▶ [DIRECTIONS]:
Reproduce the data below exactly as written. Pictures do not belong in the copy.

▶ [SUPPLIED INFORMATION]:

%%

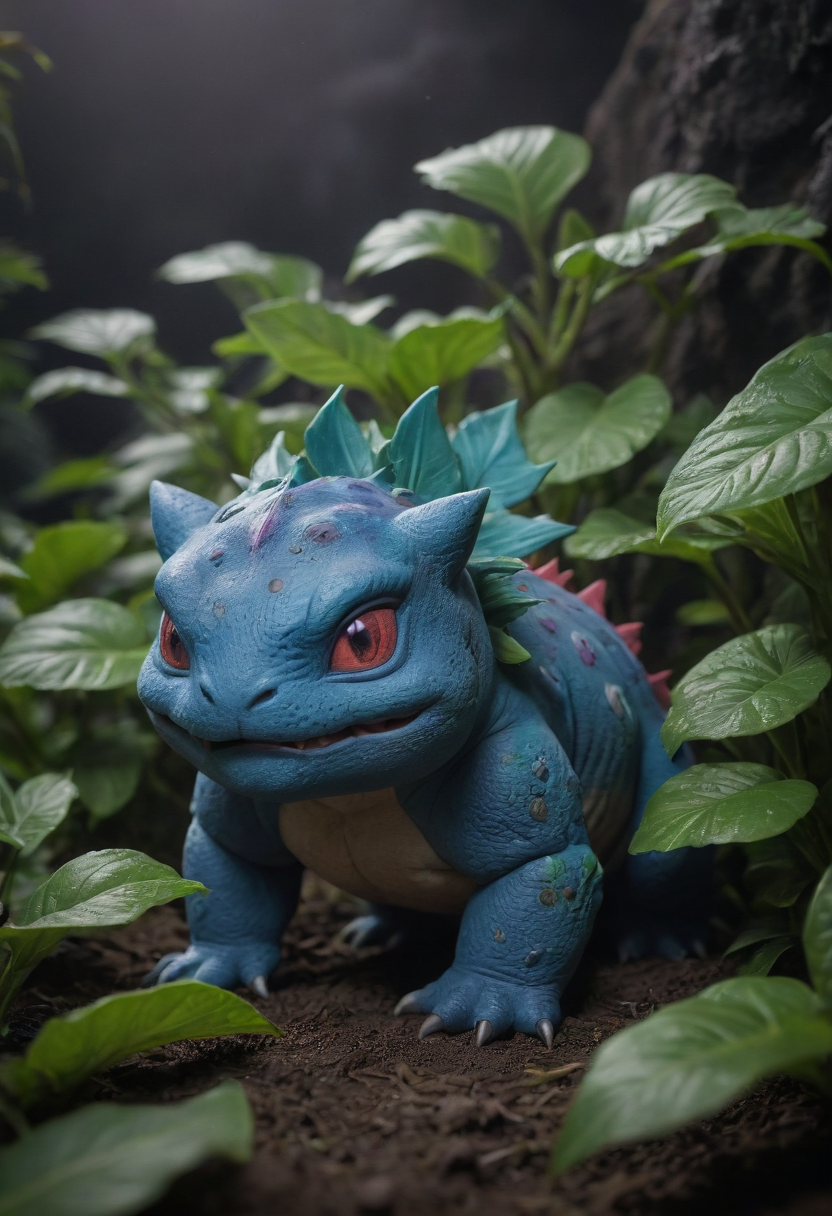 closeup award winning photo of Ivysaur\(pokemon\), perfect environment, extremely detailed, dark shot
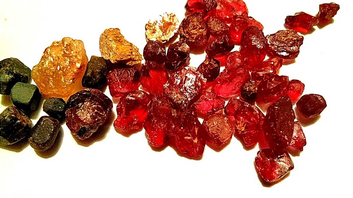 Г Р У П П А Г Р А Н А Т О В ♦️ ️ПИРАЛЬСПИТЫ ✅ ️Пироп— от греч. «пиропос» — подобный огню (из-за красного цвета). Цвет тёмно-красный. Находится в ультраосновных породах, богатых магнием, и продуктах их разрушения. Характерен для алмазоносных пород ЮАР и Якутии. ▪️ Родолит - разновидность пиропа розового цвета. В 1959 году по настоянию американского минералога Б. Андерсона родолит был выделен в отдельную разновидность минерала. ✅️ Альмандин — по названию местности — Аламанда (Малая Азия). Цвет красный, коричневый, фиолетовый. Самый распространённый из гранатов. Обычен в кристаллических сланцах и гнейсах.(не имеет разновидностей) ✅️ Спессартин — по названию Шпессарт (Бавария, Германия). Цвет розовый, красный, желтовато-бурый. Встречается в пегматитах и кристаллических сланцах (Восточная Сибирь, Карелия). (не имеет разновидностей) ♦️УГРАНДИТЫ ✅️ Гроссуляр — от лат. grossularia — крыжовник (из-за сходства с плодами крыжовника). Редкий вид граната с зеленоватыми, желтоватыми, ме
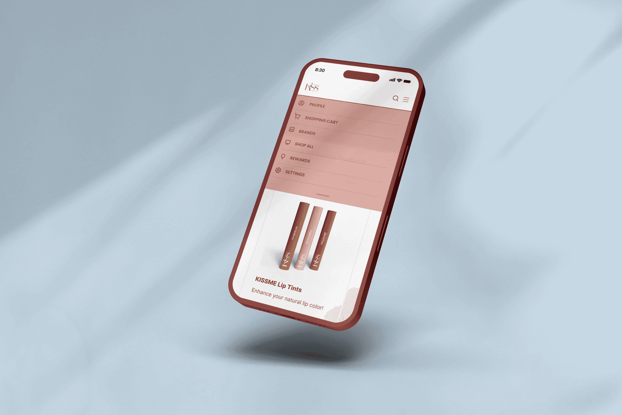 People need a way to explore KISSME Cosmetics through approachable and thoughtful lipstick packaging because they want to feel confident purchasing as first-time shoppers and connect with a brand that feels both trustworthy and visually appealing.

%%

▶ [WRITTEN ANSWER]:
 closeup award winning photo of Ivysaur\(pokemon\), perfect environment, extremely detailed, dark shot
 Г Р У П П А Г Р А Н А Т О В ♦️ ️ПИРАЛЬСПИТЫ ✅ ️Пироп— от греч. «пиропос» — подобный огню (из-за красного цвета). Цвет тёмно-красный. Находится в ультраосновных породах, богатых магнием, и продуктах их разрушения. Характерен для алмазоносных пород ЮАР и Якутии. ▪️ Родолит - разновидность пиропа розового цвета. В 1959 году по настоянию американского минералога Б. Андерсона родолит был выделен в отдельную разновидность минерала. ✅️ Альмандин — по названию местности — Аламанда (Малая Азия). Цвет красный, коричневый, фиолетовый. Самый распространённый из гранатов. Обычен в кристаллических сланцах и гнейсах.(не имеет разновидностей) ✅️ Спессартин — по названию Шпессарт (Бавария, Германия). Цвет розовый, красный, желтовато-бурый. Встречается в пегматитах и кристаллических сланцах (Восточная Сибирь, Карелия). (не имеет разновидностей) ♦️УГРАНДИТЫ ✅️ Гроссуляр — от лат. grossularia — крыжовник (из-за сходства с плодами крыжовника). Редкий вид граната с зеленоватыми, желтоватыми, ме
 People need a way to explore KISSME Cosmetics through approachable and thoughtful lipstick packaging because they want to feel confident purchasing as first-time shoppers and connect with a brand that feels both trustworthy and visually appealing.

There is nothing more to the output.